The Nobel committee also commended Maathai for “[combining] science, social commitment and active politics.”

Maathai, now a member of the Kenyan parliament and assistant environment minister, outraged Kenya’s one-party state in 1989 when she led protests against the planned construction of a 62-story building in Uhuru (Freedom) Park in Nairobi.

Kenya’s President Daniel arap Moi called Maathai and the Green Belt Movement “subversive,” and she received criticism from her country’s parliament and the press. She was later physically assaulted and forced to flee the country. Foreign investors eventually withdrew their support for construction, and the project was cancelled.

Five years ago, there was international outrage and three days of rioting in Nairobi after Maathai, along with thousands of supporters, was beaten and tear-gassed while attempting to plant trees in Karura forest outside Nairobi.

“I feel extremely elated,” Maathai said after learning of the Nobel committee’s announcement, according to a Pitt press release. “This is something I would never have dreamt of.”

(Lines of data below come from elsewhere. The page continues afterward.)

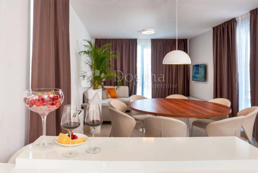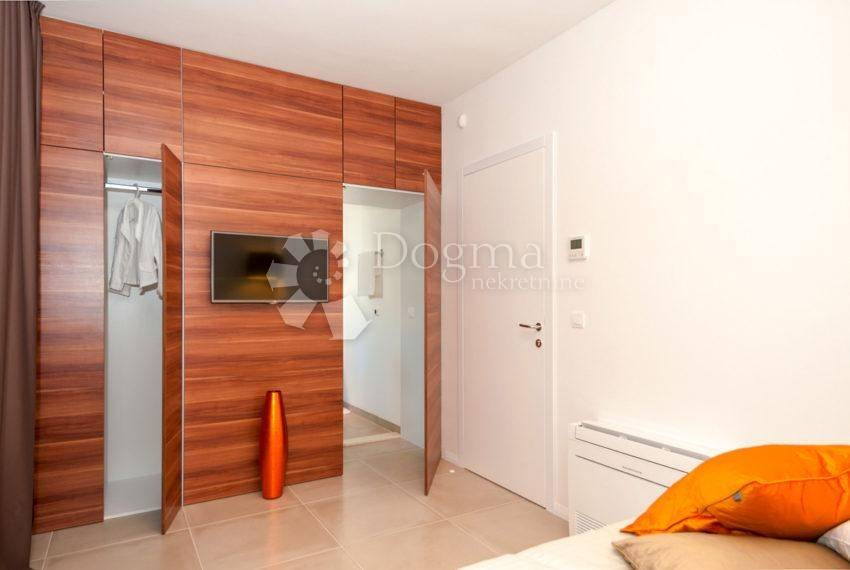 This elegantly furnished holiday villa is located on the highly sought-after Čiovo Peninsula, just steps away from a stunning pebble beach positioned second row from the sea.
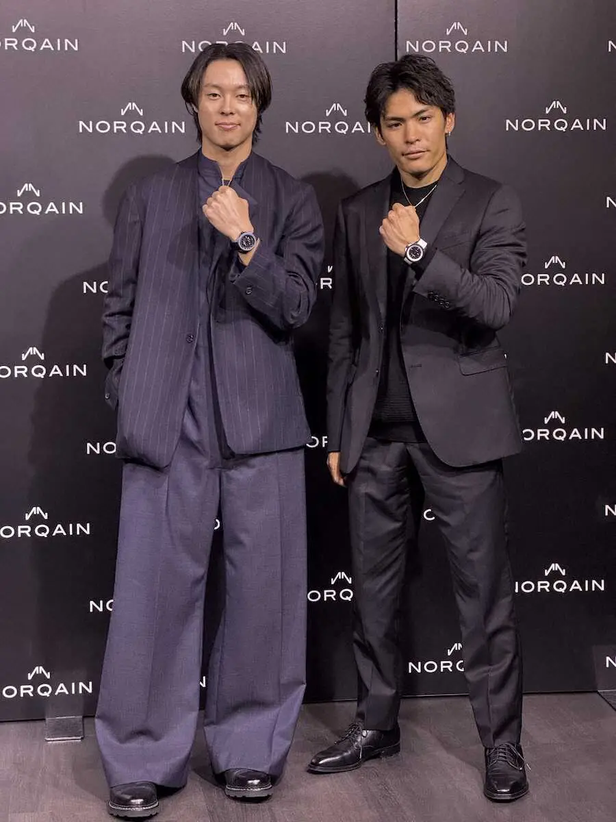 スイス製時計ブランド「ノルケイン」のイベントに出席した小林陵侑(左)と楢崎智亜
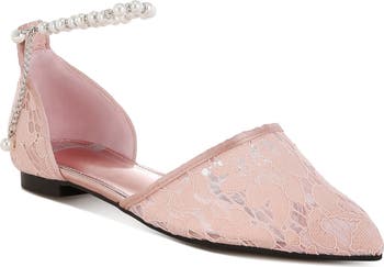 Dance the night away in this romantic corded lace d'Orsay flat secured by a removable pearly strap or wrap-around ribbon ties.
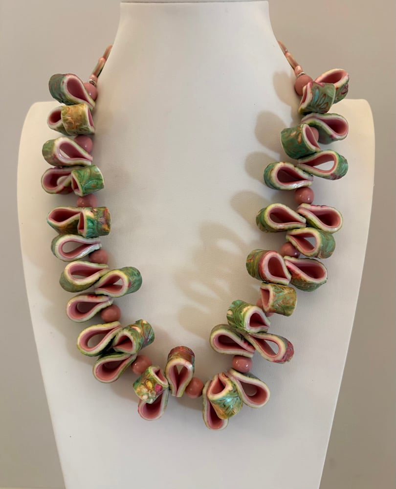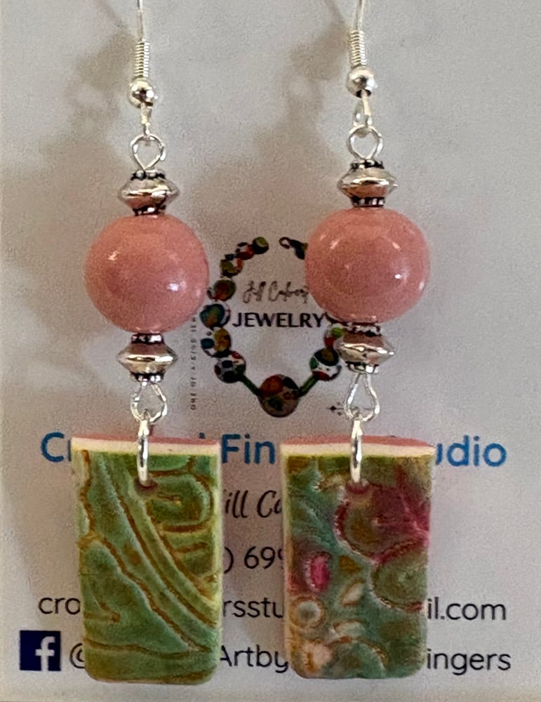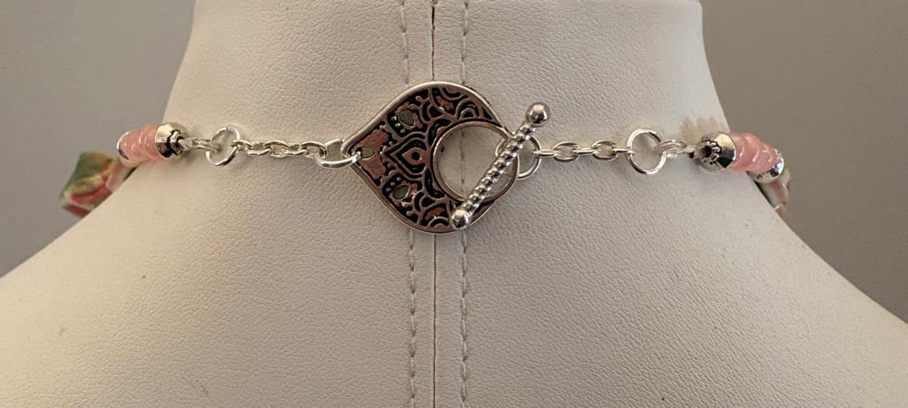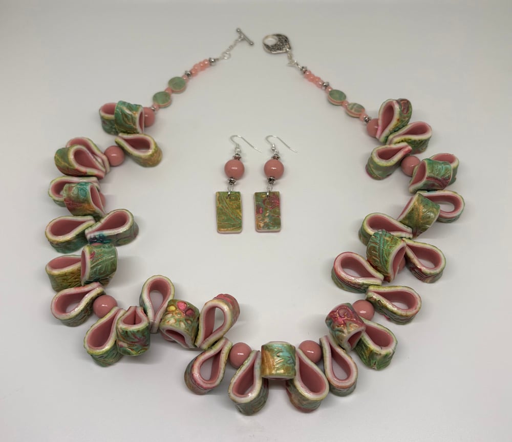 This dusty pink 22” necklace with a sweet little toggle clasp has all kinds of swing! Earrings are included.
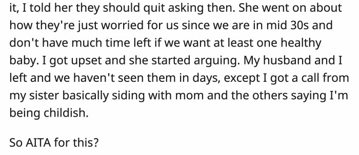 OP replied that they should stop asking her that question then. Her mom tried to justify it by saying everyone was just worried about OP not being able to get pregnant due to her age.
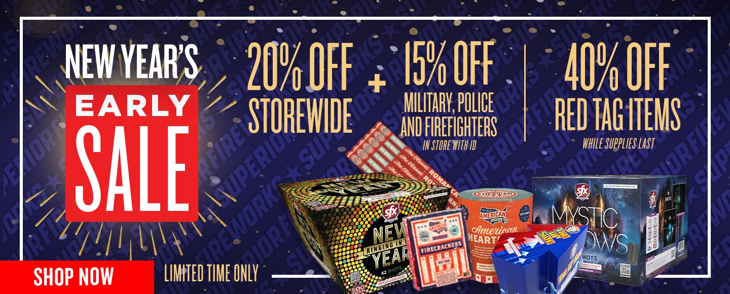 Get ready to celebrate with Superior Fireworks during our New Year's Early Sale! Shop incredible savings on hundreds of fireworks storewide to get the best deals, the best selection, and best shopping experience of the season.
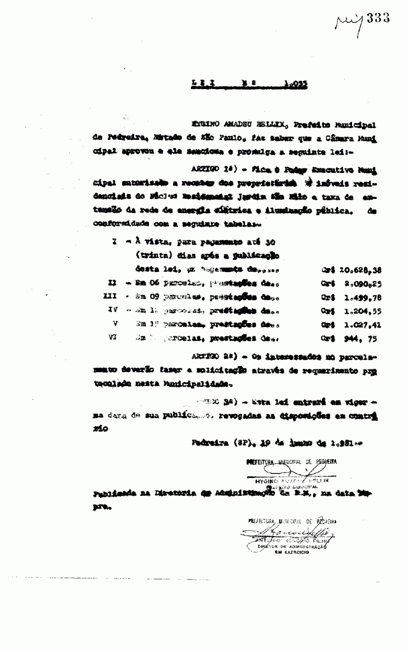 Ementa: Artigo 1º - Fica o Poder Executivo Municipal autorizado a receber dos proprietários os imóveis residenciais do Núcleo Residencial Jardim São Nilo a taxa de extensão da rede de energia elétrica e iluminação pública, de conformidade coma a seguinte tabela.
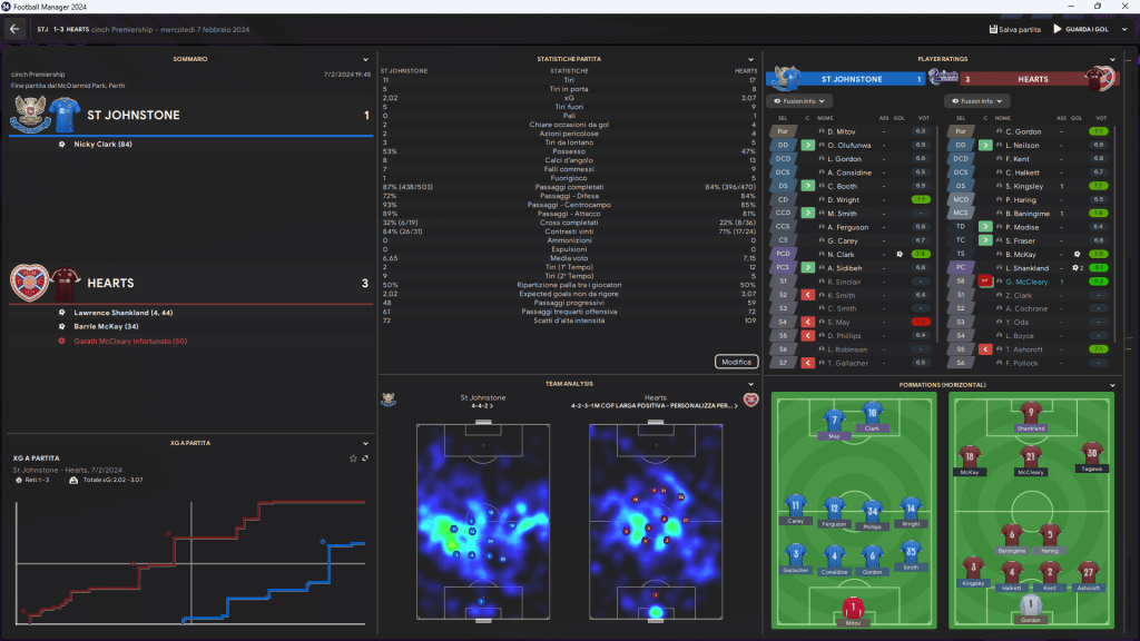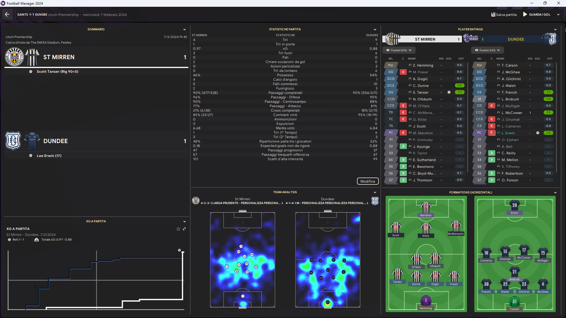 8 tiri totali, 3 nello specchio, 0.88 xG per il Dundee contro appena 0.18 xG del St Mirren, che fino al 80° aveva calciato una sola volta, e pure fuori bersaglio. Il primo e unico tiro nello specchio dei padroni di casa arriverà soltanto al 95°, proprio sul rigore trasformato da Scott Tanser per l’1-1 finale.
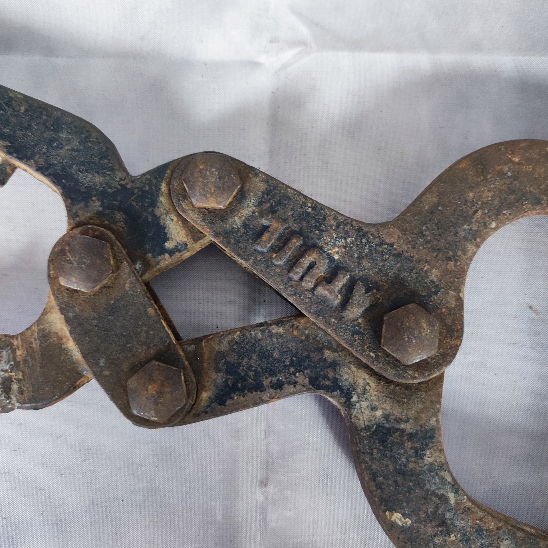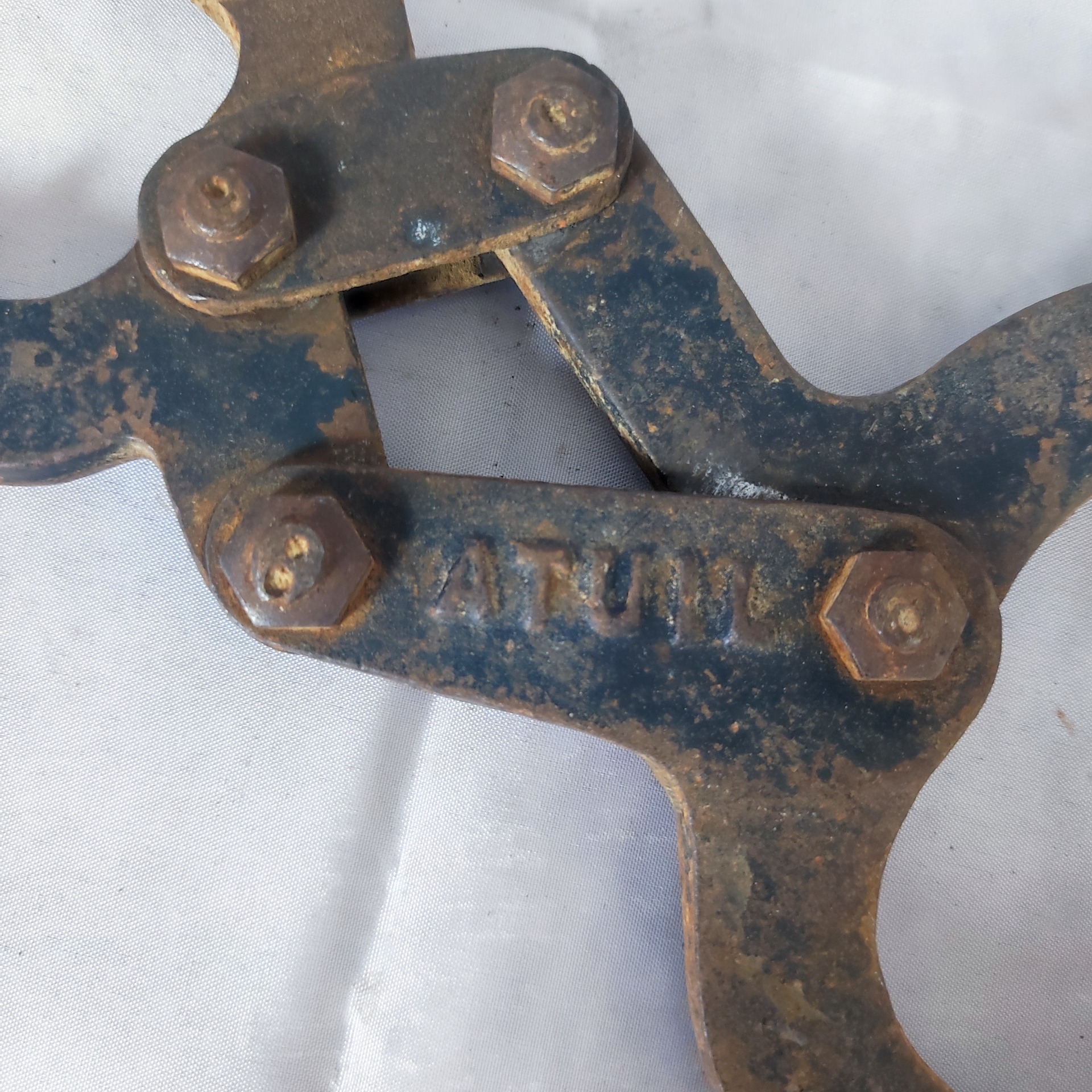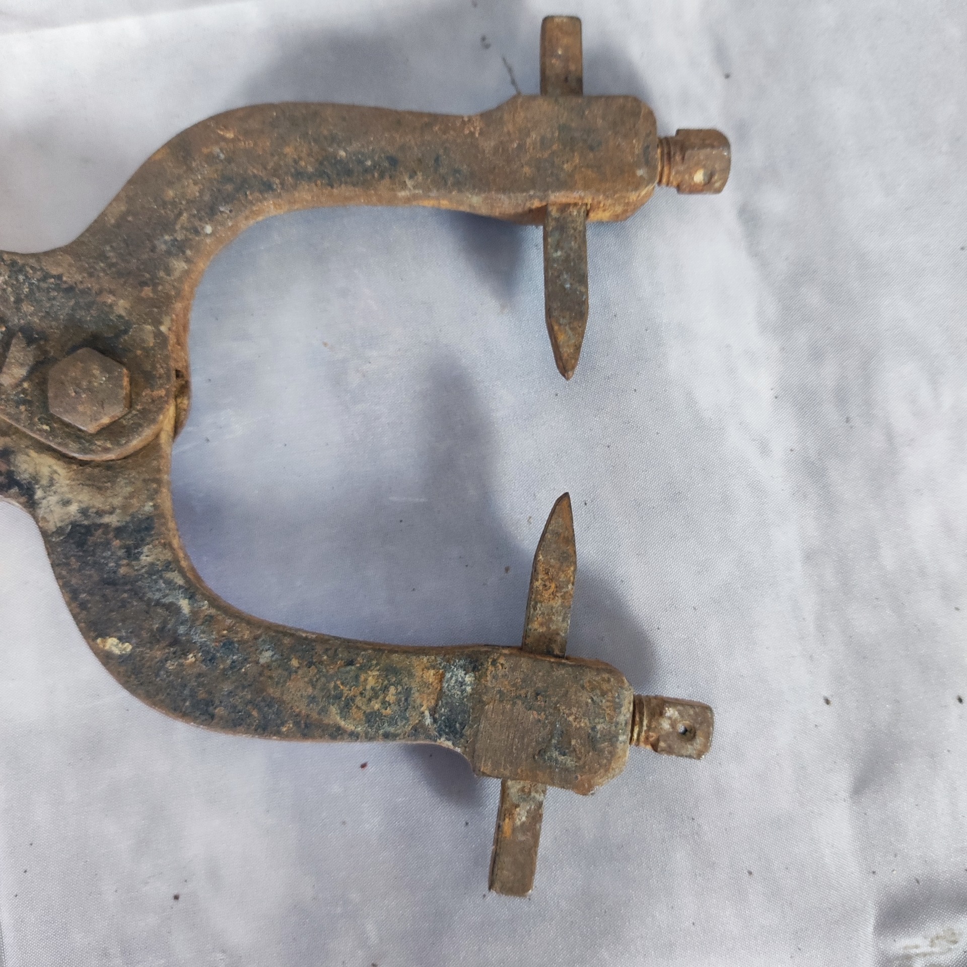Masivní kov s krásnou patinou, čelisti funkční, pohyb pák plynulý. Hák i svorníky původní, všechno drží. Nese stopy letité práce, ale funguje stejně, jako kdysi.

“It’s important for people to see that they are part of the environment and that they take responsibility for it.”

It is the second year in a row that a Pitt graduate has won a Nobel Prize; last year, Paul Lauterbur won the Nobel Prize in Medicine.

“Everyone at Pitt is thrilled that Dr. Maathai has been selected for this very well-deserved recognition,” Chancellor Mark A. Nordenberg said in a released statement.

The peace prize was first awarded in 1901. Set up in the will of Alfred Nobel, a Swedish industrialist who invented dynamite, the peace prize has also been awarded to Martin Luther King Jr., Richard Nixon and the 14th Dalai Lama.

Maathai will be given the award, and the $1.4 million in prize money, at a ceremony in Oslo on Dec. 10.